▶ _Task brief_: Restate all of the entries exactly. Any picture in them should be skipped.

▶ _Material for the task_:
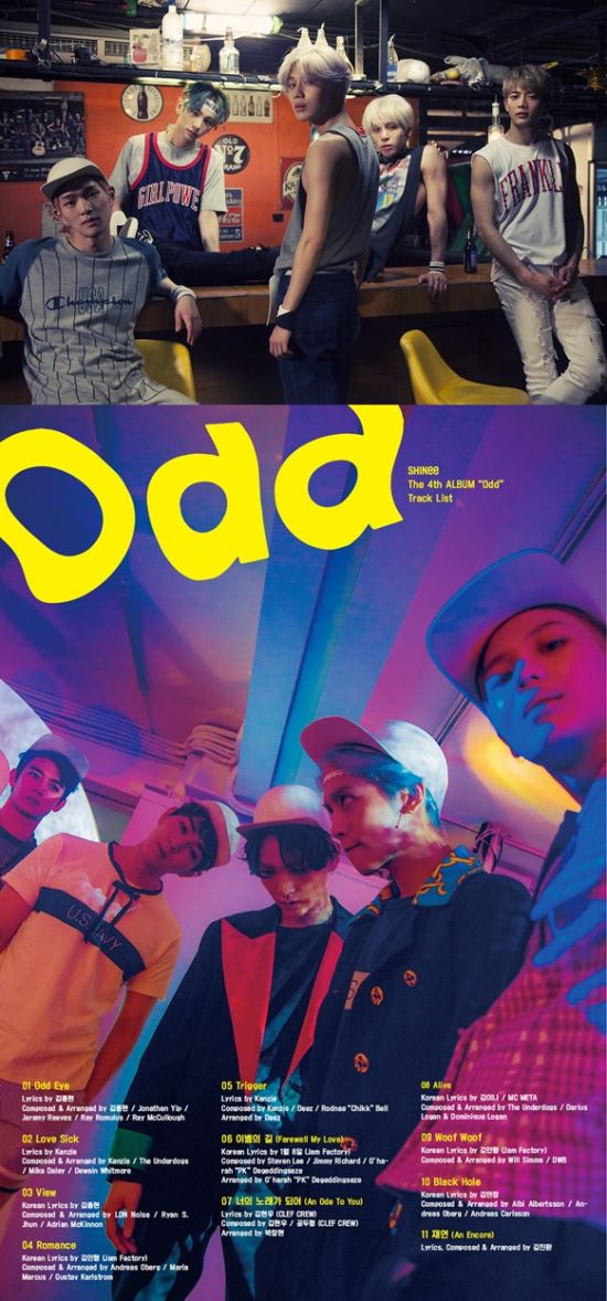SM측은 14일 오전 공식 홈페이지 등을 통해 샤이니의 정규 4집 앨범 ‘오드(Odd)’의 트랙리스트와 이미지를 공개했다. ‘오드’는 타이틀곡 ‘뷰(View)’를 비롯해 샤이니 음악의 진수를 보여주는 11곡으로 구성됐다. 세계 최정상급 프로듀싱팀 스테레오타입스(Stereotypes)와 더언더독스(The Underdogs), 영국의 작곡가팀 런던 노이즈(LDN Noise)등 국내외 히트메이커들이 대거 참여해 샤이니와 호흡했다.
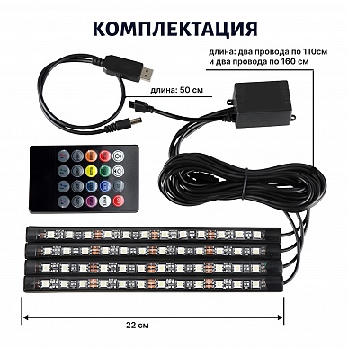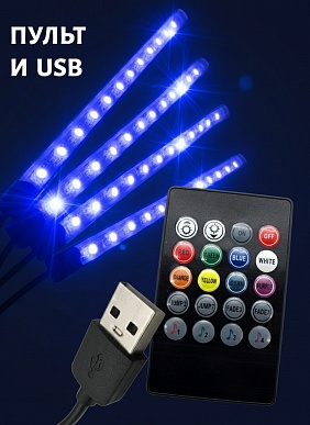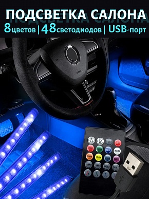 Подсветка салона USB (4 планки по 12Led, 8 цветов, светомузыка, пульт)
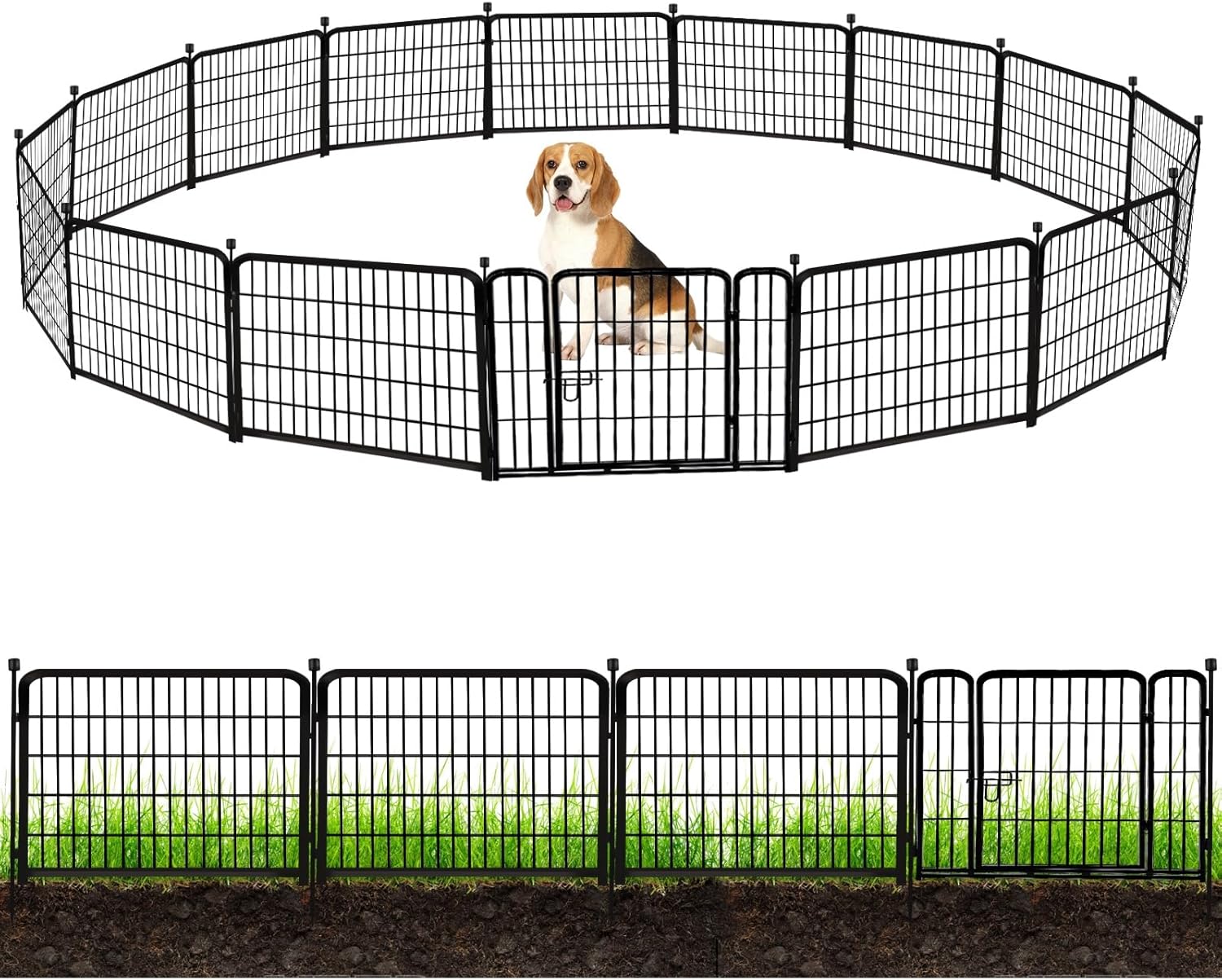 ADAVIN 24 in(H) Garden Fence with Gate, 14 Panels Heavy Duty Iron Metal Animal Barrier Fence, Camping Fence, Garden Fences and Borders for Dogs,Total 34.5 Ft(L), Black
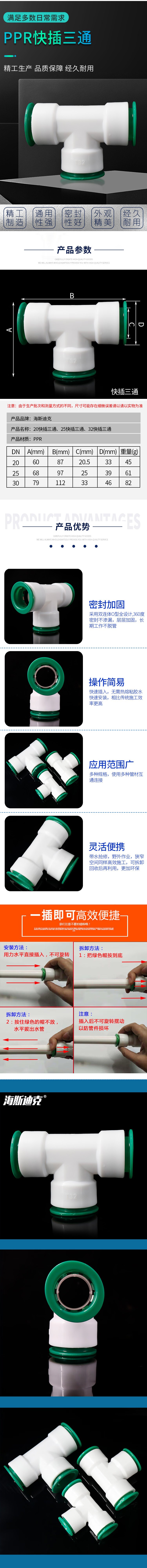 海斯迪克 HZL-22 免热熔PPR快速活接头管件 32快插三通(单位:个) 2个起拍
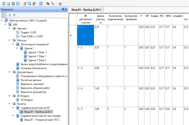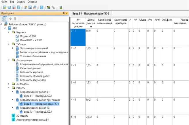 Соответствие требованиям СНиП 2.04.01-85*, СП 30.13330.2012, СП 30.13330.16 и СП 30.13330.2020 как противопожарного водопровода, так и хозяйственно-питьевого с подключенными ПК. Расход воды на пожарные краны определяется по таблице СП 10.13130.2020. Программа самостоятельно подбирает диаметр и арматуру для противопожарного водопровода. Также формируется гидравлический отчет
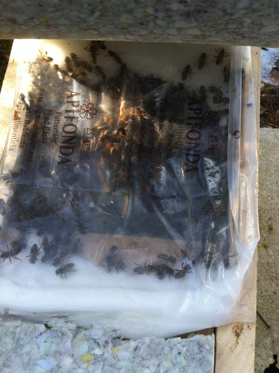 J’ai simplement vérifié qu’elles ont encore assez de nourriture. La pâte de nourrissement (APIFONDA) que je leur ai mis fin décembre n’est pas encore entièrement consommée. A surveiller régulièrement pour que l’essaim puisse se développer correctement.
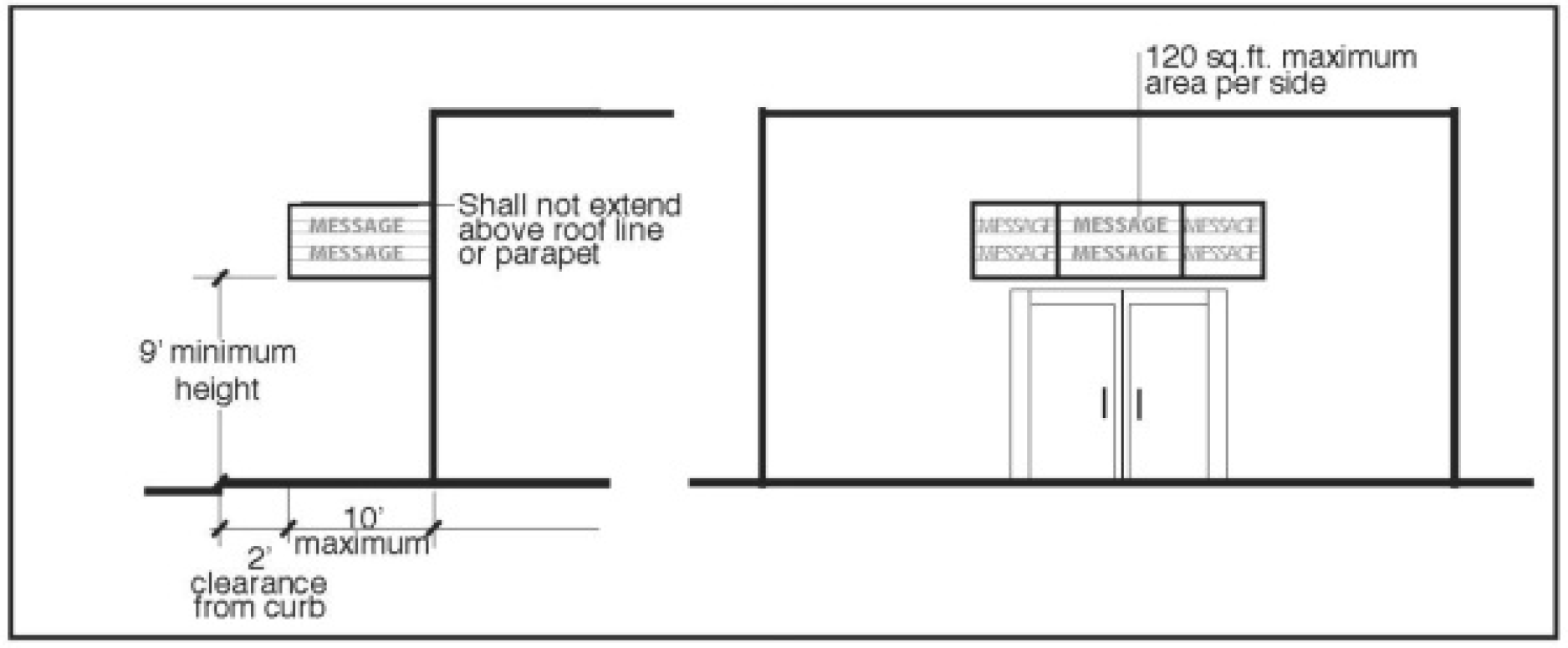 Canopy signs shall be no closer than two (2) feet to a curb line.
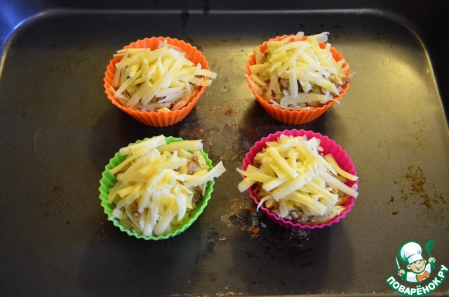 Разложить по формам, посыпать сыром, выпекать 180С 40 минут
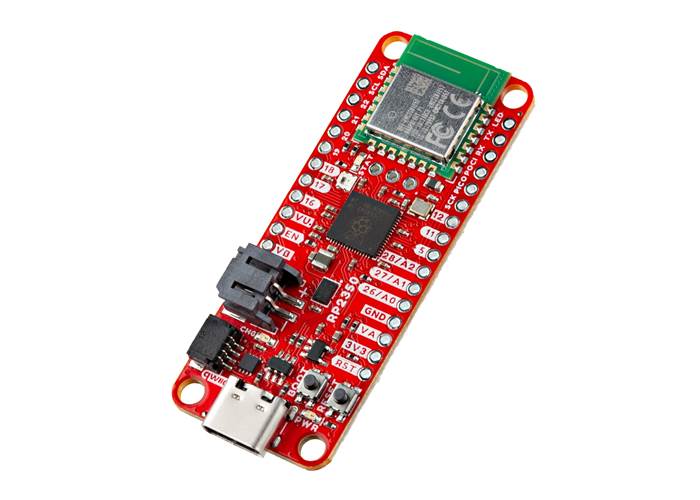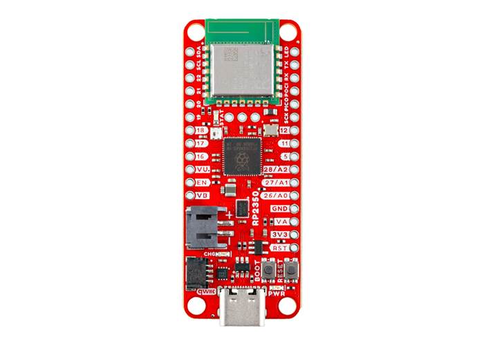 The SparkFun RP2350 Thing Plus is a powerful wireless IoT board featuring the selectable-core RP2350, WiFi 4, Bluetooth 5.2, LiPo battery charging, and a Qwiic connector.
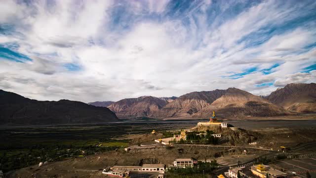 Moving clouds shadow light over a himalayan valley, Ladakh, India 8k.

▶ _Reply_:
SM측은 14일 오전 공식 홈페이지 등을 통해 샤이니의 정규 4집 앨범 ‘오드(Odd)’의 트랙리스트와 이미지를 공개했다. ‘오드’는 타이틀곡 ‘뷰(View)’를 비롯해 샤이니 음악의 진수를 보여주는 11곡으로 구성됐다. 세계 최정상급 프로듀싱팀 스테레오타입스(Stereotypes)와 더언더독스(The Underdogs), 영국의 작곡가팀 런던 노이즈(LDN Noise)등 국내외 히트메이커들이 대거 참여해 샤이니와 호흡했다.
 Подсветка салона USB (4 планки по 12Led, 8 цветов, светомузыка, пульт)
 ADAVIN 24 in(H) Garden Fence with Gate, 14 Panels Heavy Duty Iron Metal Animal Barrier Fence, Camping Fence, Garden Fences and Borders for Dogs,Total 34.5 Ft(L), Black
 海斯迪克 HZL-22 免热熔PPR快速活接头管件 32快插三通(单位:个) 2个起拍
 Соответствие требованиям СНиП 2.04.01-85*, СП 30.13330.2012, СП 30.13330.16 и СП 30.13330.2020 как противопожарного водопровода, так и хозяйственно-питьевого с подключенными ПК. Расход воды на пожарные краны определяется по таблице СП 10.13130.2020. Программа самостоятельно подбирает диаметр и арматуру для противопожарного водопровода. Также формируется гидравлический отчет
 J’ai simplement vérifié qu’elles ont encore assez de nourriture. La pâte de nourrissement (APIFONDA) que je leur ai mis fin décembre n’est pas encore entièrement consommée. A surveiller régulièrement pour que l’essaim puisse se développer correctement.
 Canopy signs shall be no closer than two (2) feet to a curb line.
 Разложить по формам, посыпать сыром, выпекать 180С 40 минут
 The SparkFun RP2350 Thing Plus is a powerful wireless IoT board featuring the selectable-core RP2350, WiFi 4, Bluetooth 5.2, LiPo battery charging, and a Qwiic connector.
 Moving clouds shadow light over a himalayan valley, Ladakh, India 8k.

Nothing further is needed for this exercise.